* **WHAT TO DO**: Keep the wording of every entry exactly as it is while leaving the pictures out of your copy.

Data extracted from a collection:
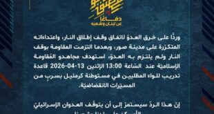 بِسْمِ اللَّـهِ الرحمن الرَّحِيمِ ﴿أُذِنَ لِلَّذِينَ يُقَاتَلُونَ بِأَنَّهُمْ ظُلِمُوا وَإِنَّ اللَّهَ عَلَىٰ نَصْرِهِمْ لَقَدِيرٌ﴾ صَدَقَ اللهُ العَلِيّ العَظِيم دفاعًا عن لبنان وشعبه، وردًّا على خرق العدوّ لاتفاق وقف إطلاق النار، واعتداءاته المتكرّرة على مدينة صور، وبعدما التزمت المقاومة بوقف النار ولم يلتزم به العدوّ، استهدف مجاهدو المُقاومة الإسلاميّة عند السّاعة 13:00 الإثنين 13-04-2026 قاعدة تدريب للواء المظليين في مستوطنة كرمئيل …
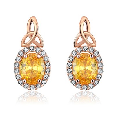 Halo Drop Earrings for Women Yellow Cz Rose Sterling Silver Ginger Lyne Collection
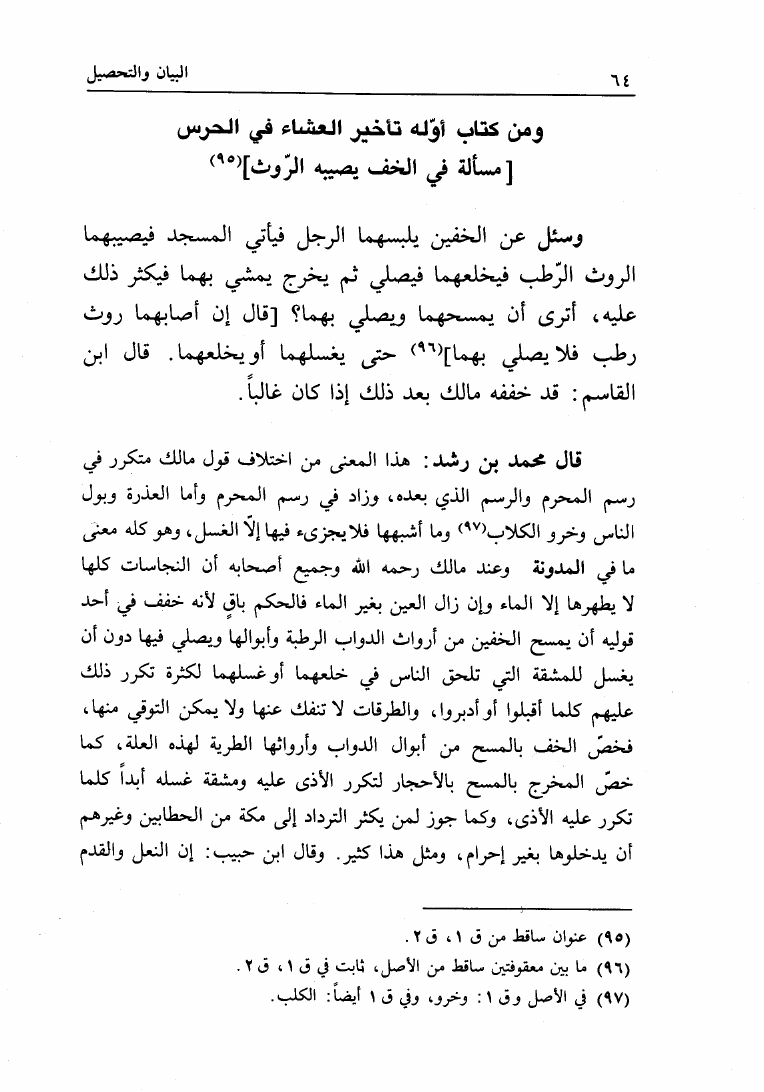 نام کتاب : البيان والتحصيل والشرح والتوجيه والتعليل في المسائل المستخرجة، وضمنه: المستخرجة من الأسمعة المعروفة بالعتبية نویسنده : محمد بن أحمد بن رشد القرطبي أبو الوليد جلد : 1 صفحه : 64
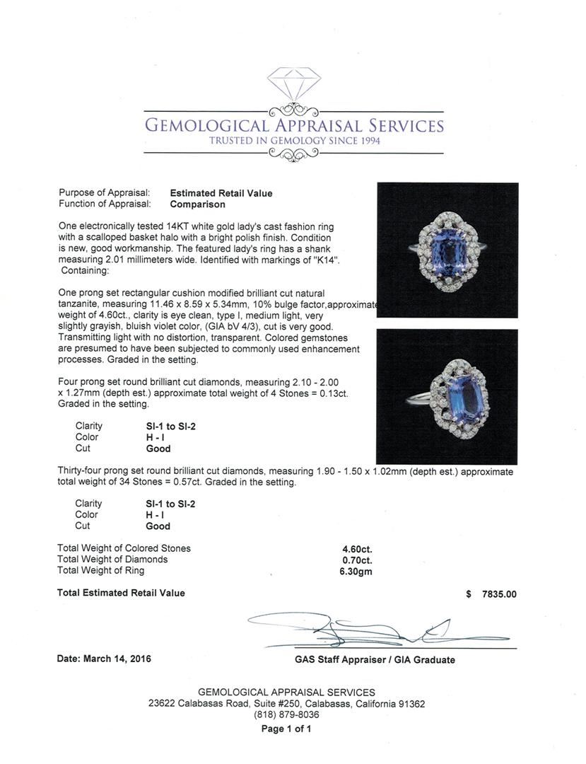 One electronically tested 14KT white gold lady's cast fashion ring with a scalloped basket halo with a bright polish finish. The featured lady's ring has a shank measuring 2.01 millimeters wide. Identified with markings of "K14". Condition is new, good workmanship. Containing: One prong set rectangular cushion modified brilliant cut natural tanzanite, measuring 11.46 x 8.59 x 5.34mm, 10%. bulge factor, approximate weight of 4.60ct., clarity is eye clean, type I, medium light, very slightly grayish, bluish violet color, (GIA bV 4/3), cut is very good. Transmitting light with no distortion, transparent. Colored gemstones are presumed to have been subjected to commonly used enhancement processes. Graded in the setting. Four prong set round brilliant cut diamonds, measuring 2.10 - 2.00 x 1.27mm (depth est.) approximate total weight of 4 Stones = 0.13ct. Graded in the setting. Clarity: SI-1 to SI-2. Color: H - I. Cut Good Thirty-Four prong set round brilliant cut diamonds, measuring 1.90 - 1.50 x 1.02mm (depth est.) approximate total weight of 34 Stones = 0.57ct. Graded in the setting. Clarity: SI-1 to SI-2. Color: H - I. Cut Good. Total Weight of Colored Stones 4.60ct. Total Weight of Diamonds 0.70ct. Total Weight of Ring 6.30gm. GAS Appraised at $7,835.00.
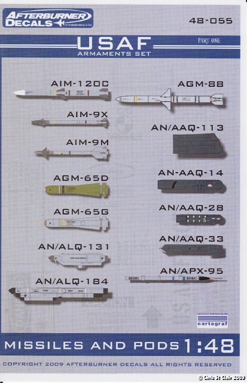 This is a fantastically useful sheet from Afterburner. Whilst it is not to 1/72nd scale, it is a good reference source as it contains details of markings for the above missiles and pods.
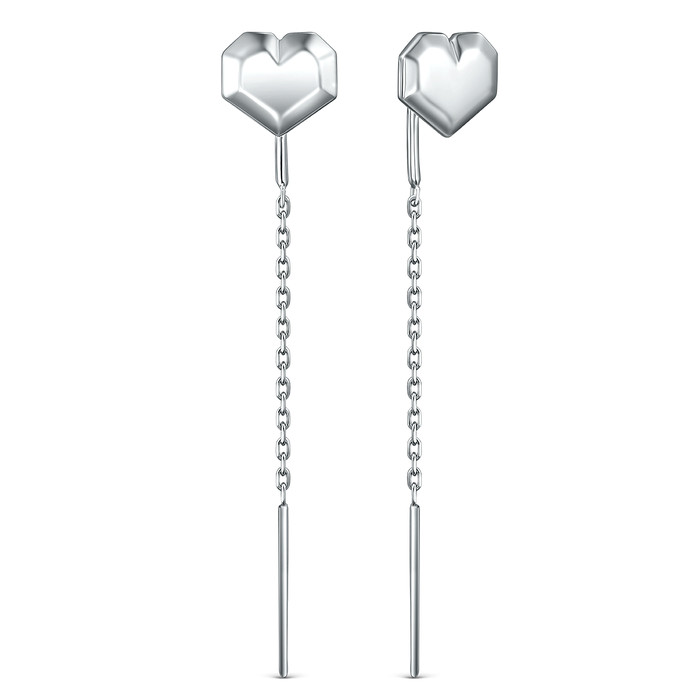 Серьги продёвки из серебра родированные - Сердца 925 пробы 3001029166
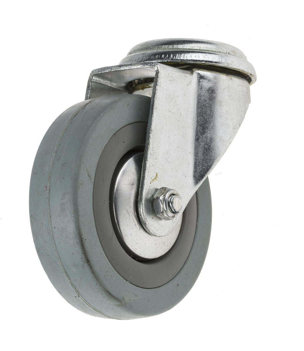 This is Stem Swivel Castors GPBH075RP 70kg Rubber tyres manufactured by RS Pro. The manufacturer part number is 828-6338. The tyre of the product is made up of rubber material . The product is available in single bolt configuration. It includes brake no . Moreover, it has 100mm of overall height. It can holds up to 70kg load capacity. It is created for light duty weight class . The product has a plain bearing type hub bearing . It has a wheel about 21mm in width . Its wheel diameter is about 75mm . Allows swivel rotation.

* **YOUR RESPONSE**:
 بِسْمِ اللَّـهِ الرحمن الرَّحِيمِ ﴿أُذِنَ لِلَّذِينَ يُقَاتَلُونَ بِأَنَّهُمْ ظُلِمُوا وَإِنَّ اللَّهَ عَلَىٰ نَصْرِهِمْ لَقَدِيرٌ﴾ صَدَقَ اللهُ العَلِيّ العَظِيم دفاعًا عن لبنان وشعبه، وردًّا على خرق العدوّ لاتفاق وقف إطلاق النار، واعتداءاته المتكرّرة على مدينة صور، وبعدما التزمت المقاومة بوقف النار ولم يلتزم به العدوّ، استهدف مجاهدو المُقاومة الإسلاميّة عند السّاعة 13:00 الإثنين 13-04-2026 قاعدة تدريب للواء المظليين في مستوطنة كرمئيل …
 Halo Drop Earrings for Women Yellow Cz Rose Sterling Silver Ginger Lyne Collection
 نام کتاب : البيان والتحصيل والشرح والتوجيه والتعليل في المسائل المستخرجة، وضمنه: المستخرجة من الأسمعة المعروفة بالعتبية نویسنده : محمد بن أحمد بن رشد القرطبي أبو الوليد جلد : 1 صفحه : 64
 One electronically tested 14KT white gold lady's cast fashion ring with a scalloped basket halo with a bright polish finish. The featured lady's ring has a shank measuring 2.01 millimeters wide. Identified with markings of "K14". Condition is new, good workmanship. Containing: One prong set rectangular cushion modified brilliant cut natural tanzanite, measuring 11.46 x 8.59 x 5.34mm, 10%. bulge factor, approximate weight of 4.60ct., clarity is eye clean, type I, medium light, very slightly grayish, bluish violet color, (GIA bV 4/3), cut is very good. Transmitting light with no distortion, transparent. Colored gemstones are presumed to have been subjected to commonly used enhancement processes. Graded in the setting. Four prong set round brilliant cut diamonds, measuring 2.10 - 2.00 x 1.27mm (depth est.) approximate total weight of 4 Stones = 0.13ct. Graded in the setting. Clarity: SI-1 to SI-2. Color: H - I. Cut Good Thirty-Four prong set round brilliant cut diamonds, measuring 1.90 - 1.50 x 1.02mm (depth est.) approximate total weight of 34 Stones = 0.57ct. Graded in the setting. Clarity: SI-1 to SI-2. Color: H - I. Cut Good. Total Weight of Colored Stones 4.60ct. Total Weight of Diamonds 0.70ct. Total Weight of Ring 6.30gm. GAS Appraised at $7,835.00.
 This is a fantastically useful sheet from Afterburner. Whilst it is not to 1/72nd scale, it is a good reference source as it contains details of markings for the above missiles and pods.
 Серьги продёвки из серебра родированные - Сердца 925 пробы 3001029166
 This is Stem Swivel Castors GPBH075RP 70kg Rubber tyres manufactured by RS Pro. The manufacturer part number is 828-6338. The tyre of the product is made up of rubber material . The product is available in single bolt configuration. It includes brake no . Moreover, it has 100mm of overall height. It can holds up to 70kg load capacity. It is created for light duty weight class . The product has a plain bearing type hub bearing . It has a wheel about 21mm in width . Its wheel diameter is about 75mm . Allows swivel rotation.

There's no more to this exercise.